All hope seemed gone from the North.
Up till now the North had lost more than the South. It had suffered most of all from a lack of really able commanders. Now, however, Lincoln discovered a really great general in Ulysses S. Grant, and from this time on the fortune of the war began to change.
The North was richer: it had more men, money, and resources to draw on; in a long struggle the South was bound to be worn out. Grant saw this and planned accordingly. Grant had distinguished himself, early in the war by the capture of Fort Henry and Fort Donelson, on the Mississippi, in February 1862; in the following April he had driven the Confederates back to Corinth after one of the most expensive battles of the war. Grant was a man of the most reckless personal courage; as a general his great fault was that he exposed his men needlessly. Complaints were early made of him to Lincoln; but Lincoln's wonderful eye discerned a great soldier in Grant. "I can't spare that man; he fights." Later he was told that Grant drank. "Pray tell me what brand of whisky he takes, that I may send a barrel to each of my other generals."
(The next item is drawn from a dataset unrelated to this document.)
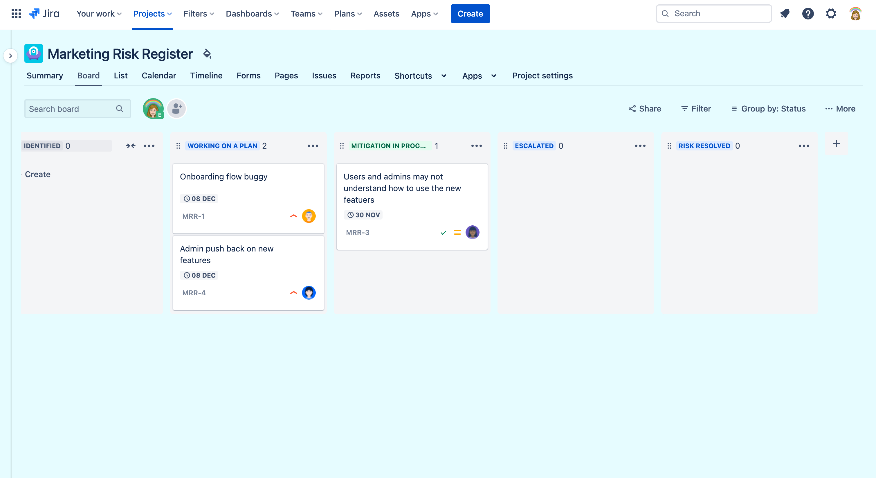 Tackle project risks head-on by thinking how to mitigate them from the start. Once you go through a brainstorming activity with your team to think about “What could go wrong”, and “What lessons have we learned from our past projects”, add them to a risk specific board in Jira Work Management. Creating tickets and assigning them to owners allows you to stay on top of the risks and see how they are progressing every week.

Lincoln and Grant always understood each other. Each was a man of intense strength of character, given to doing things rather than talking of them. Grant had not Lincoln's tenderness of heart, or the beauty of his pure and generous nature; but he had his power of concentrating his whole mind upon the task in hand. He knew Lincoln's secret: "Work, work, is the main thing."
The battle of Chancellorsville, May 1863, was for the North the darkest moment of the war; things were never so dark again. Only Lincoln's supreme faith and courage could have risen from such a series of defeats unshaken. The newspapers were full of abuse of the President; plots were on foot against him to prevent his re-election when the time came. In February he had lost his son Willie after a long and painful illness. But he never quailed.
And his patience was at last to be rewarded. After Chancellorsville his unflinching belief in the justice of his course, in spite of opposition and discontent, was to be rewarded: he was to look, if only for a moment, upon an America not only free but united.